ASSIGNMENT |
The pictures must be left out, while the rest of the data is copied exactly.
*** INFORMATION SUPPLIED ***
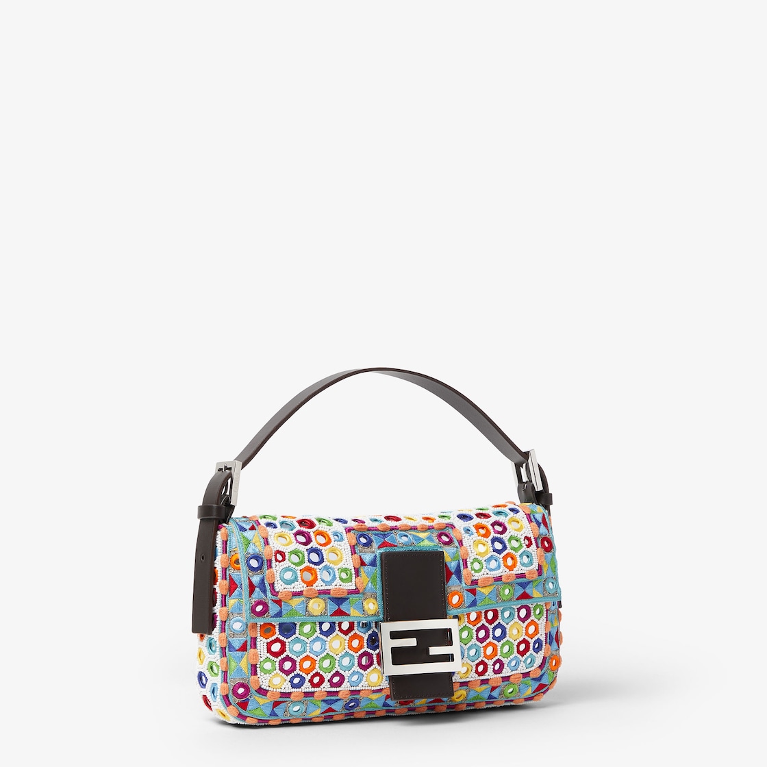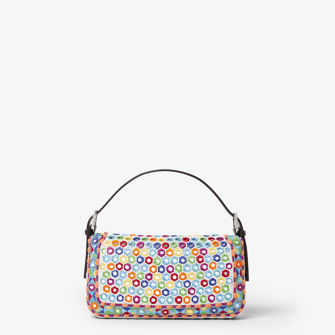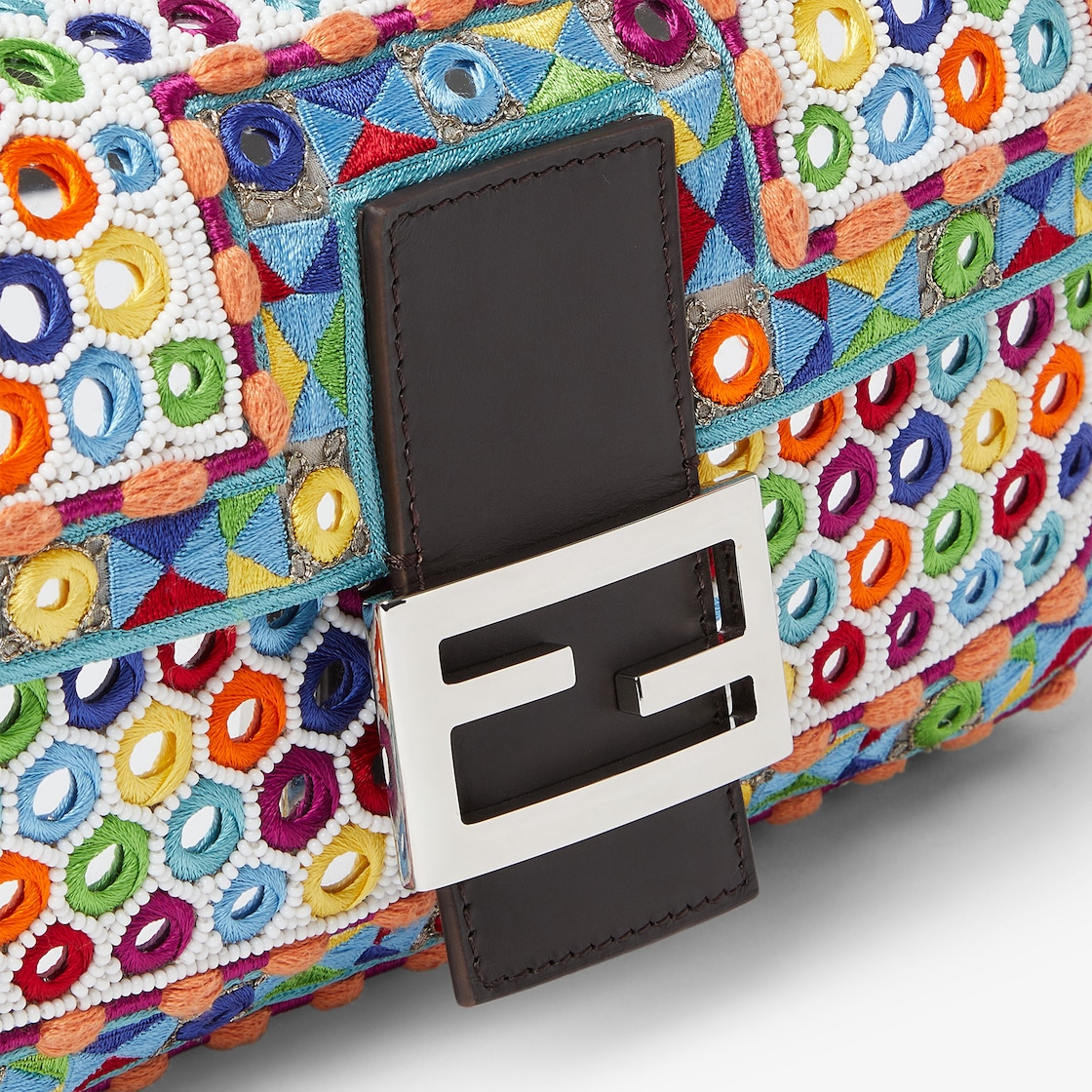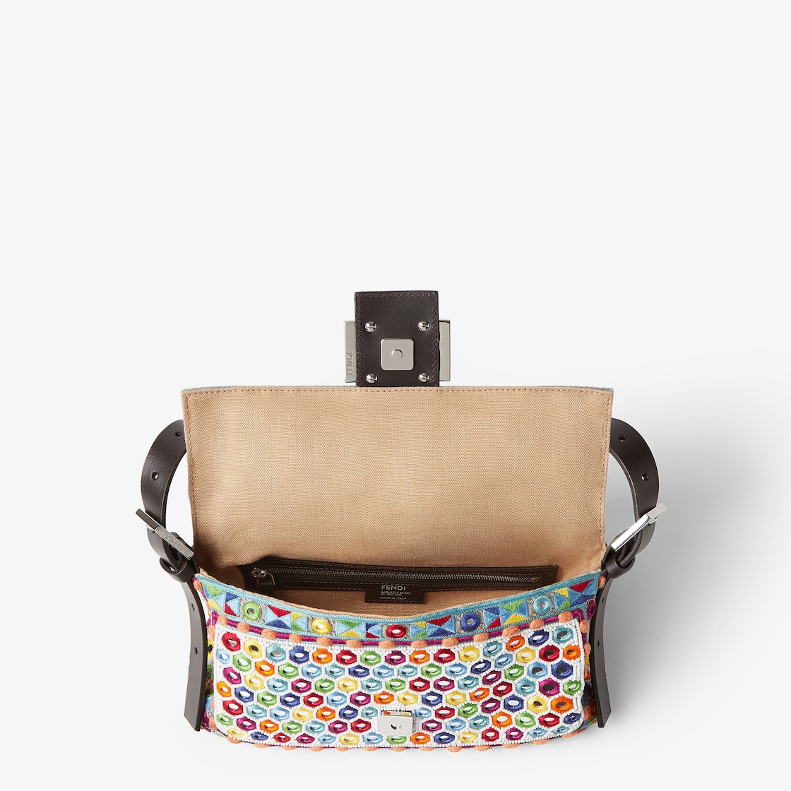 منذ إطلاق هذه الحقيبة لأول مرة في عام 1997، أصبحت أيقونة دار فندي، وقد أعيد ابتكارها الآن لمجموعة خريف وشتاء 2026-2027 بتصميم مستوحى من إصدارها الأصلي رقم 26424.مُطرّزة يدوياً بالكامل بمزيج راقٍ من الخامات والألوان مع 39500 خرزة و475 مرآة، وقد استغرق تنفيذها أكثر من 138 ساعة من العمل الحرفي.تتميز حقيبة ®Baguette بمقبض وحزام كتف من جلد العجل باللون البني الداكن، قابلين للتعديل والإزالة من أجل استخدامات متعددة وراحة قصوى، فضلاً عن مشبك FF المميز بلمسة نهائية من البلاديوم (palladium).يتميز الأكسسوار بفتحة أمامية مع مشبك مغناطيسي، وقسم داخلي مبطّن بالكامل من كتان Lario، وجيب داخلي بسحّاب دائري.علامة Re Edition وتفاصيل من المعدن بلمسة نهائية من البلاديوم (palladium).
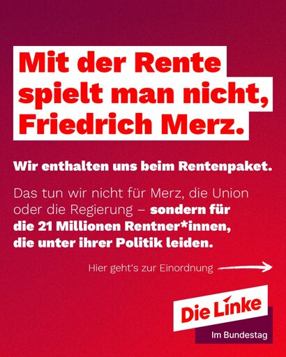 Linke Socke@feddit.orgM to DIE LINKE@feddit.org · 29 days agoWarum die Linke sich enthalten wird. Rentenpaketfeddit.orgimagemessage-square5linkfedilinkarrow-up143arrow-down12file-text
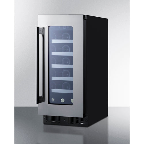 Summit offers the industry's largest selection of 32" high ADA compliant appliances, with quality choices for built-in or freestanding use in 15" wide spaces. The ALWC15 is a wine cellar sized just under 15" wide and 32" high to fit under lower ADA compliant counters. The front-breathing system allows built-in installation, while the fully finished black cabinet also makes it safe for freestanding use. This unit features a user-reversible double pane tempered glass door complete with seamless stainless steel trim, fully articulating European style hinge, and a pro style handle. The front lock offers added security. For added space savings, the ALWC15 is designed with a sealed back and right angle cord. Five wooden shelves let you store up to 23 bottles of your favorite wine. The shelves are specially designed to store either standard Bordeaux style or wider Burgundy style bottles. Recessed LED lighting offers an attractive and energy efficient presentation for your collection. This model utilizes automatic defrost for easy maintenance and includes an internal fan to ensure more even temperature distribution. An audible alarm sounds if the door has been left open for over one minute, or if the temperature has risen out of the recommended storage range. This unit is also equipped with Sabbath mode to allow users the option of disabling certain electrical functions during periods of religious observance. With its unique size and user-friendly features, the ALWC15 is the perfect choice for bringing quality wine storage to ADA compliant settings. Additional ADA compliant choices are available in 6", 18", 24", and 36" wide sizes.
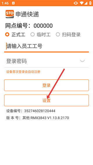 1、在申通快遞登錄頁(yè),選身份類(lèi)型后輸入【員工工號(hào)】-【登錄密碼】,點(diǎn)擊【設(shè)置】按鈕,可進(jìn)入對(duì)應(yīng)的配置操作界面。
*** End of INFORMATION SUPPLIED ***
ANSWER TO THIS PROBLEM |
 منذ إطلاق هذه الحقيبة لأول مرة في عام 1997، أصبحت أيقونة دار فندي، وقد أعيد ابتكارها الآن لمجموعة خريف وشتاء 2026-2027 بتصميم مستوحى من إصدارها الأصلي رقم 26424.مُطرّزة يدوياً بالكامل بمزيج راقٍ من الخامات والألوان مع 39500 خرزة و475 مرآة، وقد استغرق تنفيذها أكثر من 138 ساعة من العمل الحرفي.تتميز حقيبة ®Baguette بمقبض وحزام كتف من جلد العجل باللون البني الداكن، قابلين للتعديل والإزالة من أجل استخدامات متعددة وراحة قصوى، فضلاً عن مشبك FF المميز بلمسة نهائية من البلاديوم (palladium).يتميز الأكسسوار بفتحة أمامية مع مشبك مغناطيسي، وقسم داخلي مبطّن بالكامل من كتان Lario، وجيب داخلي بسحّاب دائري.علامة Re Edition وتفاصيل من المعدن بلمسة نهائية من البلاديوم (palladium).
 Linke Socke@feddit.orgM to DIE LINKE@feddit.org · 29 days agoWarum die Linke sich enthalten wird. Rentenpaketfeddit.orgimagemessage-square5linkfedilinkarrow-up143arrow-down12file-text
 Summit offers the industry's largest selection of 32" high ADA compliant appliances, with quality choices for built-in or freestanding use in 15" wide spaces. The ALWC15 is a wine cellar sized just under 15" wide and 32" high to fit under lower ADA compliant counters. The front-breathing system allows built-in installation, while the fully finished black cabinet also makes it safe for freestanding use. This unit features a user-reversible double pane tempered glass door complete with seamless stainless steel trim, fully articulating European style hinge, and a pro style handle. The front lock offers added security. For added space savings, the ALWC15 is designed with a sealed back and right angle cord. Five wooden shelves let you store up to 23 bottles of your favorite wine. The shelves are specially designed to store either standard Bordeaux style or wider Burgundy style bottles. Recessed LED lighting offers an attractive and energy efficient presentation for your collection. This model utilizes automatic defrost for easy maintenance and includes an internal fan to ensure more even temperature distribution. An audible alarm sounds if the door has been left open for over one minute, or if the temperature has risen out of the recommended storage range. This unit is also equipped with Sabbath mode to allow users the option of disabling certain electrical functions during periods of religious observance. With its unique size and user-friendly features, the ALWC15 is the perfect choice for bringing quality wine storage to ADA compliant settings. Additional ADA compliant choices are available in 6", 18", 24", and 36" wide sizes.
 1、在申通快遞登錄頁(yè),選身份類(lèi)型后輸入【員工工號(hào)】-【登錄密碼】,點(diǎn)擊【設(shè)置】按鈕,可進(jìn)入對(duì)應(yīng)的配置操作界面。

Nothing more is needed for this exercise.